1. The ‘Raw Billet’ exterior colour can’t be ignored. It looks insanely slick with a dash of retro thrown in thanks to its fluoro blue and green highlights. Its sporty looks is further bolstered with contrasting carbon fibre on the bonnet (hood for you Americans) and fender flares which are not cheap to replace should you kiss a rock or tree.

Snapped on the lawn of the picturesque Ritz-Carlton Lake Tahoe

If F1’s Mercedes-AMG Petronas team ever built an off-roader, it would look like this.

2. 200kW and 400Nm from a stock motor might not sound like much, but this Jeep is hiding a lightweight ace up its sleeve. Piscitelli and his team shaved 408kg from the JL Wrangler donor car to transform the 4SPEED into a serious performer (the name itself indicates that it’s built ‘for speed’ as opposed to running a 4-speed transmission).

The belly of the beast is…stock

Surprisingly, the 2.0-litre engine package of the 4SPEED was left untouched from the latest generation Wrangler. Piscitelli explained that the headers are already aluminium from the factory so a lot of the gains in performance were made from extensive mass reduction elsewhere. With the aforementioned weight lifted, the vehicle was able to naturally lift itself up for even better clearance and agility on serious trails.

3. The rear seats have been replaced by a lightweight cheese grater. Okay, it’s an aluminium plate surrounded by sexy carbon fibre. The point? To strip out anything that wasn’t necessary to drive it.

Note the rear tailgate has also been punched out and replaced with mesh steel.

Piscitelli’s team cut everything rearward of the front seats and did the whole tub as a one-piece carbon layout.

“It was a study in absolute function,” he tells us. “We got rid of the radio, all the HVAC (air conditioning) just in the name of weight saving.”

“There’s was no need for it because it wasn’t linked to the vehicle and driving.”

The goal was simple: “How much weight can we remove from it while maintaining a fun and functional vehicle built for outdoor adventure seekers.”

4. It’s designed to conquer the Nurburgring of the four-wheel-driving world. Exotic hypercars tend to fight for laptime supremacy at the Nurburgring. In the land of 4WDs, the Rubicon Trail is where you earn your stripes and bragging rights. The 4SPEED can demolish the Rubicon Trail with ease.

It’s all in the badging

“It’s more than capable of running at Rubicon” says Piscitelli.

“All the standard Wrangler Rubicons tested at the trail run on stock 33-inch tyres, so you can imagine how easy it is with 35-inch tyres and an increased lift – it just makes it easy.”
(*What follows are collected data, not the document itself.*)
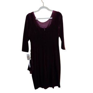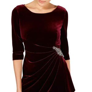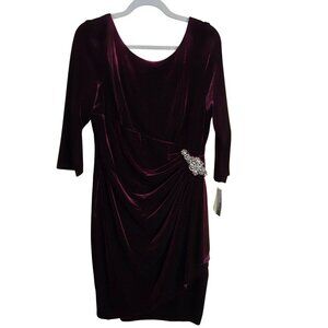 Alex Evenings NWT Wine Velvet Ruched Beaded 3/4 Sleeve Cocktail Dress Size 14
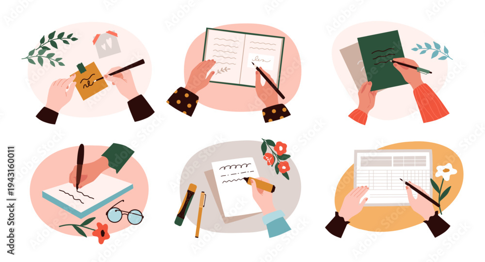 Hands writing on paper. Hand making notes in notebook, diary or sign document, top view. Card writing with pens and stationery, planning and communication. Vector isolated illustration #1943160011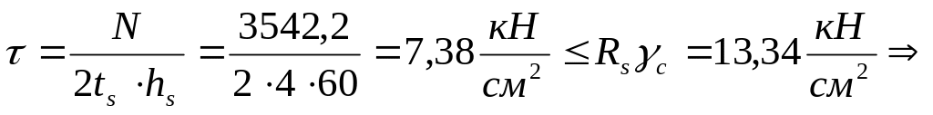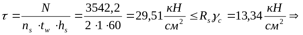 Проверяем стенку колонны на срез: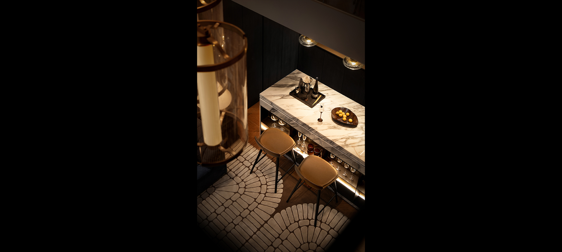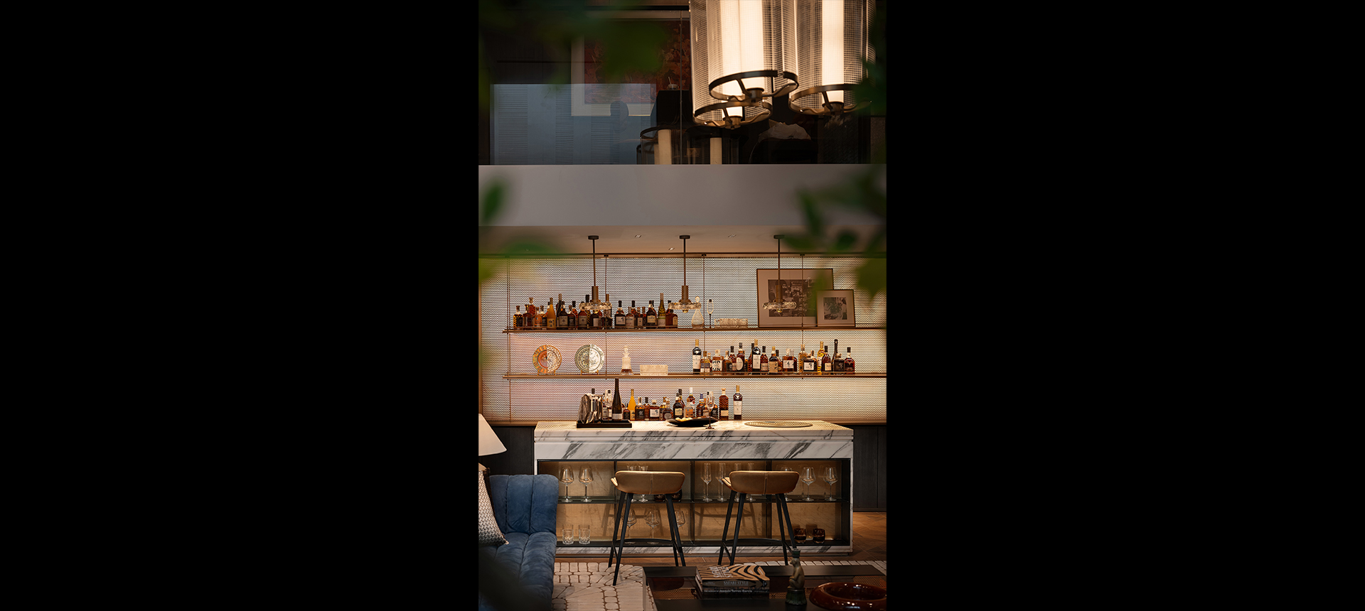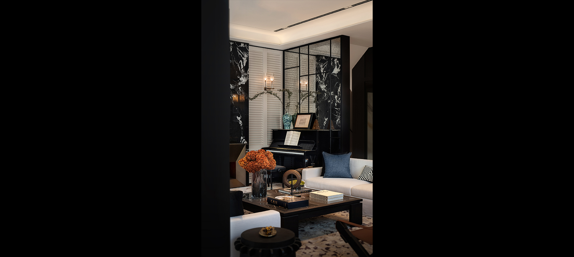 玄关作为室内的序曲,以其独具特色的精致奏响华丽的前章。天花以拱形造型贴合古铜金材料,醒目而绮丽。中式花艺及装饰感极强的古典艺术斗柜在玻璃屏风的衬托下,构成强烈的视觉冲击力。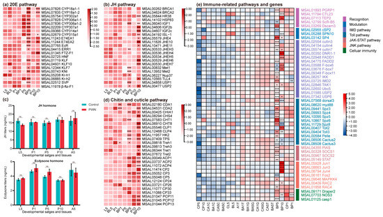 Expression profiles of DEGs and hormone concentration involved in metamorphosis. (a) Heatmap of the genes related to ecdysone. (b) Heatmap of the genes related to JH. (c) Effects of PWN on hemolymph ecdysone and JH concentration in beetles at different developmental stages. Values are expressed as mean ± SEM of three independent experiments. (d) Heatmap of the genes related to chitin and cuticle biosynthesis. (e) Heatmap of the genes related to immune response related to recognition, signaling pathways, and effectors. * p < 0.05 versus control, ** p < 0.01 versus control, and *** p < 0.001 versus control.
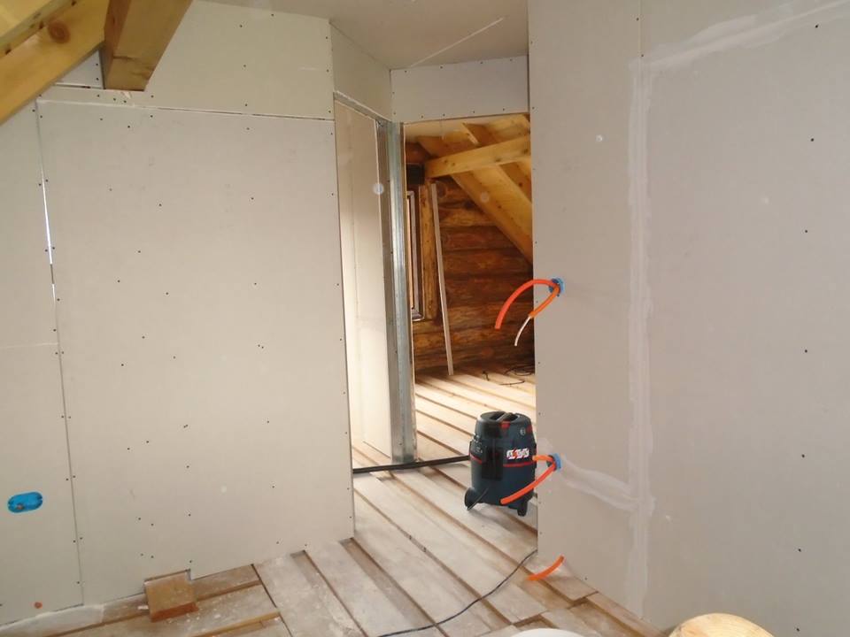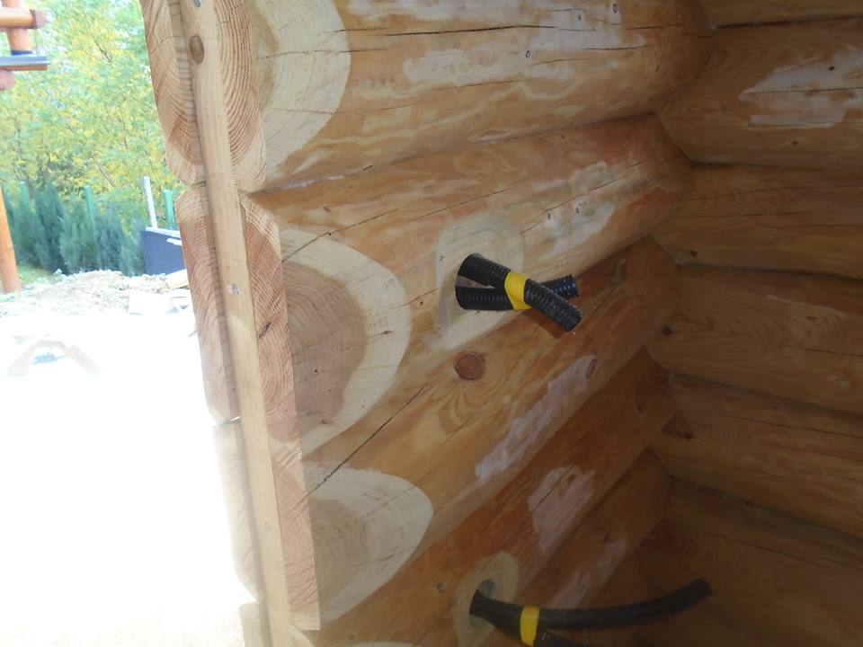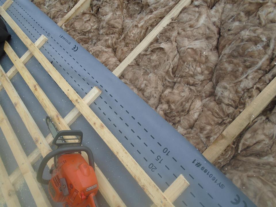 Malo fotografija oko nekih detalja kod gradnje drvene kuće, a važno je za buduće investitore. Prilikom gradnje krovišta uglavnom izvodimo potpuno završen krov u donjem pogledu u rustikalnoj izvedbi , dok na gornjem dijelu izrađujemo krov sa izolacijom - dva sloja folije i međusobna ispuna od eko mineralne vune. Tek nakon polaganja izolacije montiramo kontra letvu za zračni prostor i letvu za prihvat crijepa. Ostali detalji odnose se na pripremu otvora za montažu prozora i detalji za pripremu provođenja električnih vodova.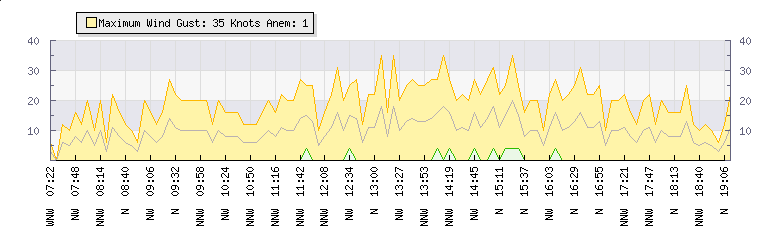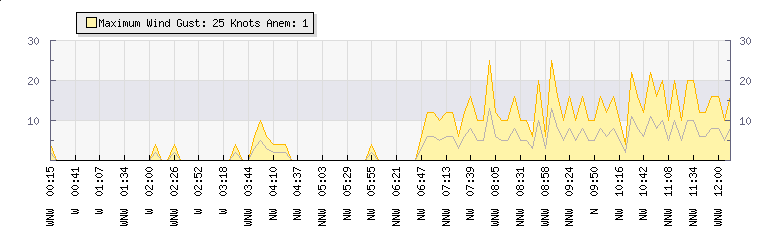 In the last few minutes the wind was Northerly at an average speed of 5 knots, reaching up to 10 knots and a low of 0 knots. The gust strength is10 knots above the minimum speed |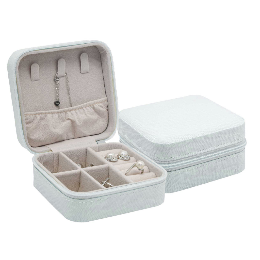 Menší cestovní šperkovnice se zapínáním na zip potažená bílou koženkou.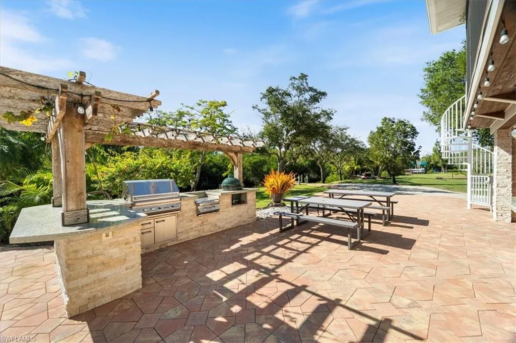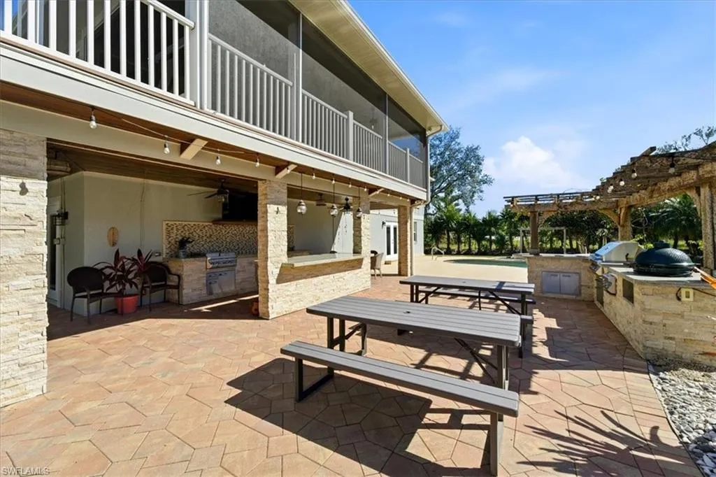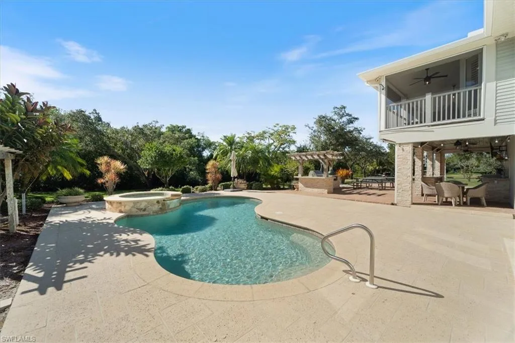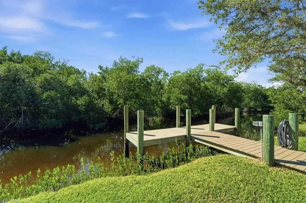 Welcome to your waterfront paradise where luxury meets convenience on over two acres of pure Florida living. This remarkable five-bedroom plus den residence offers the rare combination of direct Gulf access and sophisticated amenities that water enthusiasts dream about. The moment you arrive, the expansive concrete and paver driveway hints at the grandeur within. Step inside to discover soaring ceilings and gleaming hardwood floors throughout the upper level, creating an atmosphere of refined elegance. The gourmet kitchen stands as the heart of the home, featuring quartz countertops, shaker cabinets with crown molding, an expansive island, farmhouse sink, and premium stainless steel appliances including double ovens and wine fridge. Your aquatic adventures begin right at your doorstep with a private boat ramp and newly installed dock (Summer 2023). Within ten minutes of idling down Hendry Creek, you’ll reach the main waterway leading to endless Gulf exploration. The outdoor entertainment space rivals any resort, showcasing an impressive outdoor kitchen complete with cooktop, Big Green Egg cooker, and grill alongside a private pool, spa, and fire pit. The thoughtfully designed floor plan places a recreational room, two bedrooms, bathroom, den, gym, and laundry on the ground level, while the main living area, kitchen, dining room, primary suite, and two additional bedrooms occupy the upper floor. The primary bedroom features a walk-in closet with custom shelving, while the primary bathroom boasts dual sinks, an oversized tiled walk-in shower with multiple shower heads and soaking tub. Recent major improvements include a new metal roof (August 2023), septic system (December 2024), air conditioning with new ductwork and insulation (November 2024), plus an upstairs screened porch (2024). Hendry Creek offers additional amenities including a community boat dock, Gulf access, fishing pier, and tennis court, all with remarkably low association fees. This exceptional property delivers the ultimate Florida lifestyle where every day feels like vacation.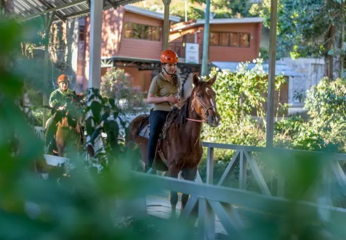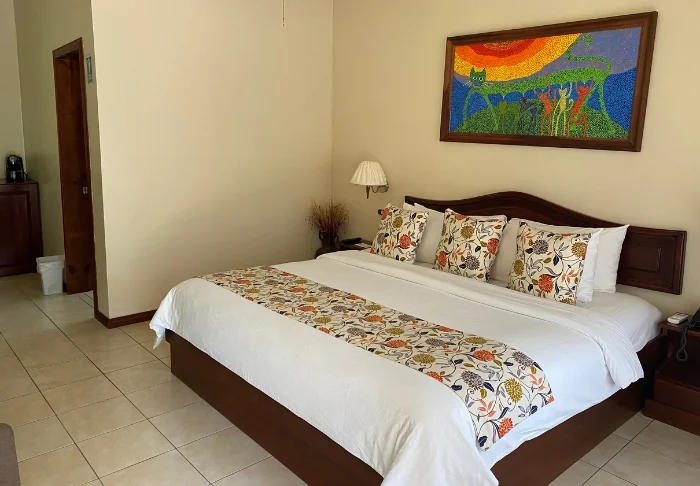 Es gibt dort einen mit natürlichem Quellwasser gespeisten Swimmingpool. Die 54 Zimmer haben kleine Balkone, von denen man die Aussicht auf die Vulkane und Haciendas genießen kann, und sind mit Klimaanlage, Safe und Fernseher ausgestattet.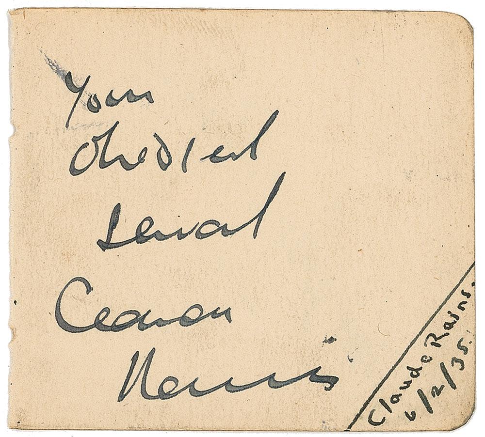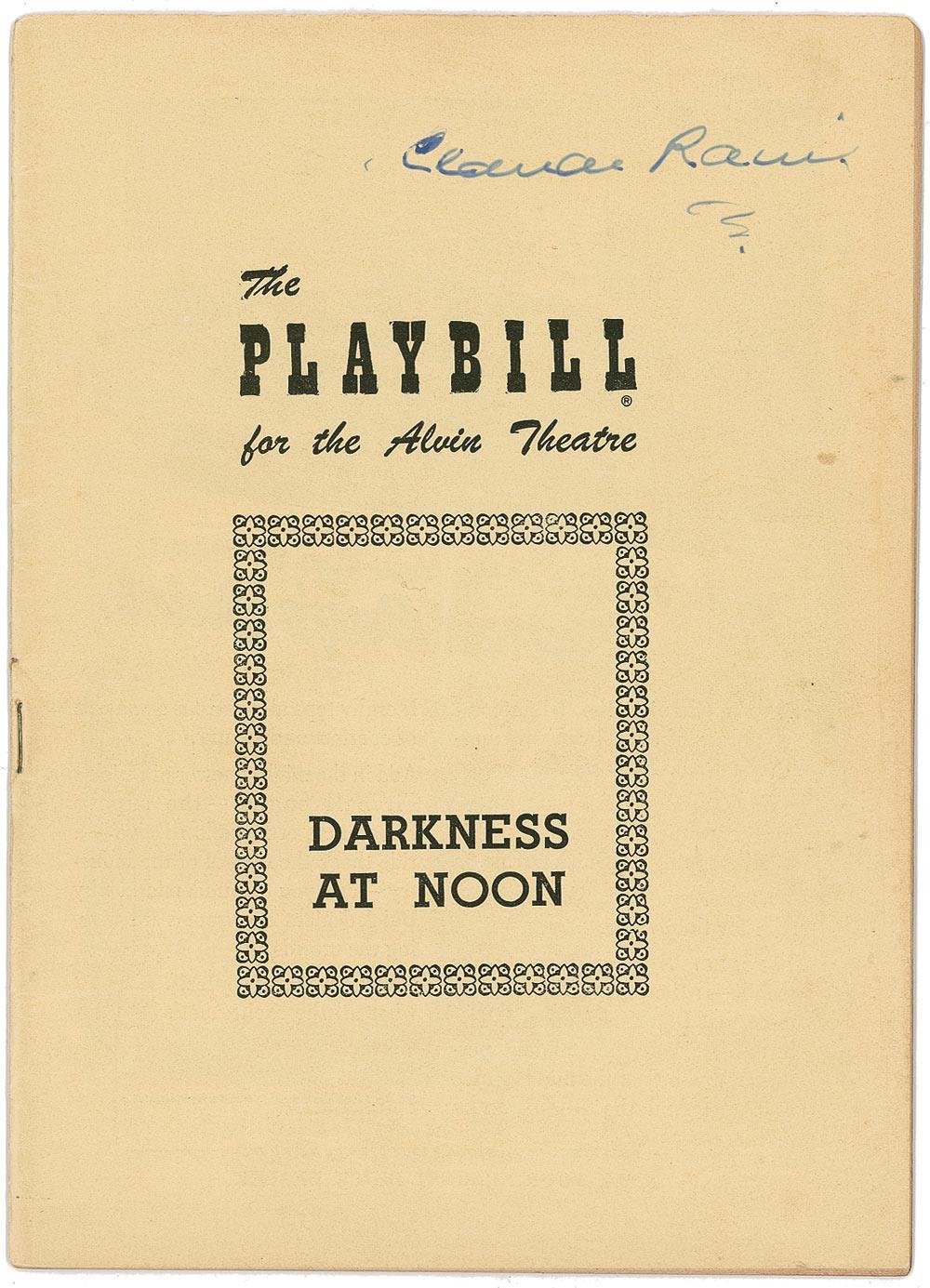 Two items: Playbill from the Alvin Theatre’s 1951 presentation of Darkness at Noon, 6.5 x 9, 32 pages, signed on the front cover in blue fountain pen; and a 2.5 x 2.5 slip signed “Your obedient servant, Claude Rains.” In overall fine condition, with a handwritten collector’s notation at the bottom right corner of the slip.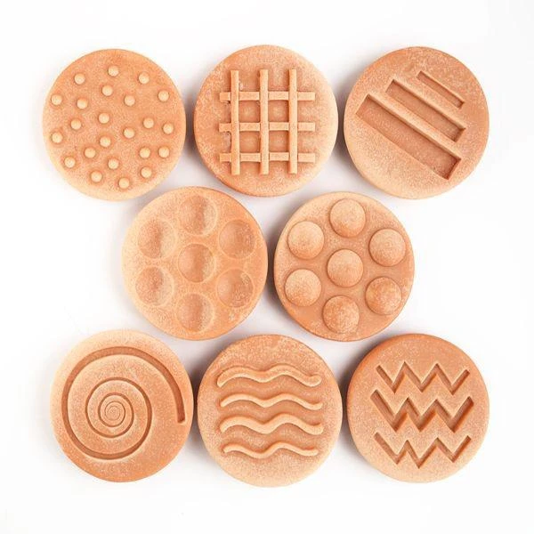 Each stone in this set of eight measures 75mm and include four raised/bumpy designs (circles, dots, wavy lines, and a grid) and four indented/hollow designs (circles, lines, zigzags, and a spiral). Age 18mths+.

5. It’s guaranteed you’ll scratch the wheels if you go off-road.

Look ma, no doors

As sexy as they are, these are not the ideal wheels to go off-roading in. Unforgiving terrain will tear chunks out of these lightweight rollers designed more for sports cars than longevity on the Rubicon Trail.

“You might kerb a few on rocks,” admits Piscitelli. “But capability wise, you feel a little guilty in a sense of how easy the car passes obstacles.”

6. You shalt not see any experimental technology or wild innovations on the 4SPEED. Why? Because the JL model it’s based off is brand new and Jeep didn’t want to dilute that fresh formula with futuristic gimmicks.

No autonomous drivers under this hood

“We just want to really embrace the newness of this one and embrace the 2.0-litre turbo. It’s a little rocket ship and the 4SPEED wakes it up,” says Piscitelli.

7. You can’t have one. Millionaires can’t even buy one. And this is the only thing we hate about the 4SPEED.

The badge of honour

Sometimes concept cars can manifest a part of itself into production form. Not the 4SPEED. The project was purely an exercise to showcase what was possible in Jeep’s latest JL platform, not what is feasible in the real world. We’re very sad about this. But happy we got to have a spin in a true driver’s car that requires no roads.